外務省は、日本の外交政策等に対する国民の理解と支持を得るために、新聞・テレビ・インターネットなどの各種メディアを通じた的確な情報発信に努めている。具体的には、原則毎日行われる外務大臣、外務副大臣、外務報道官の記者会見のほか、各種の外交案件について随時発出している外務大臣談話、外務報道官談話又は外務省報道発表など、口頭、文書等様々な形での説明、情報発信を行っている。なお、大臣などの記者会見は、インターネットメディアやフリーランス記者等にも開放するとともに、2012年1月には日本政府の立場や外交方針を日本国内だけでなく、広く国際社会に迅速かつ正確に発信できるよう、外務省記者会見室で行う大臣記者会見において日英同時通訳を開始した。

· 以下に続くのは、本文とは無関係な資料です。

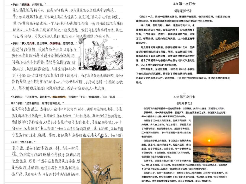 活动过程中,同学们纷纷选择与中华文化主题相关的书籍,以读书打卡的形式,书写自我阅读感受。活动收集了同学们的优秀阅读笔记,我们伴着文字走进千年传承的文化世界,颂扬中华优秀传统文化,谱写新一页精彩篇章。于书本中,我们看成败、鉴得失、知兴替,情飞扬、志高昂、人灵秀,知廉耻、懂荣辱、辦是非,既能汲取知识雨露,也能吸收思想精华,学以益智、学以励志、学以立德、学以修身,在春风化雨中得到成长与淬炼。
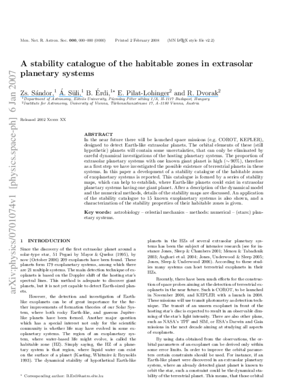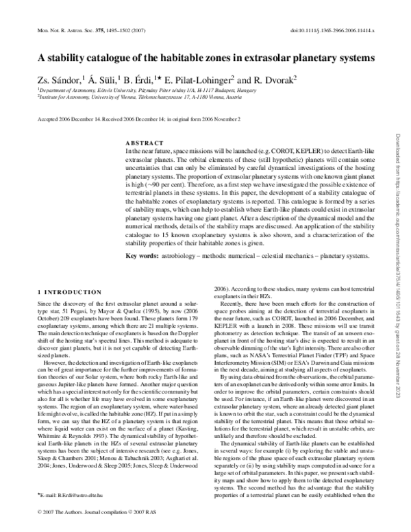 (PDF) A stability catalogue of the habitable zones in extrasolar
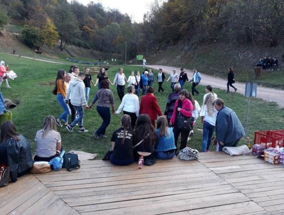 Park „Ravne 2“ je također bio prepun posjetilaca, ali ovaj put i pun pjesme i plesa, zašto su se pobrinuli članovi Kulturno – umjetničkog društva „Visoko“ koji organiziraju Sedmu smotru folklora, a prije nastupa odlučili su se i za posjet parku „Ravne 2“, gdje su se i zabavili.

このほか外務省は、外務大臣の主要な外国訪問に際して、その内容・成果を国民に分かりやすく伝えるため外務省ホームページ上で、その動画を公開している。
また、有識者に対する外交関連情報のメールマガジンの配信、地方メディア関係者への外交関連情報の提供、各地方出身の外務省幹部の地方紙インタビューの手配など、外交政策や外務省の取組をより広く国民に理解してもらうため、様々な形での情報発信・取材への協力に取り組んでいる。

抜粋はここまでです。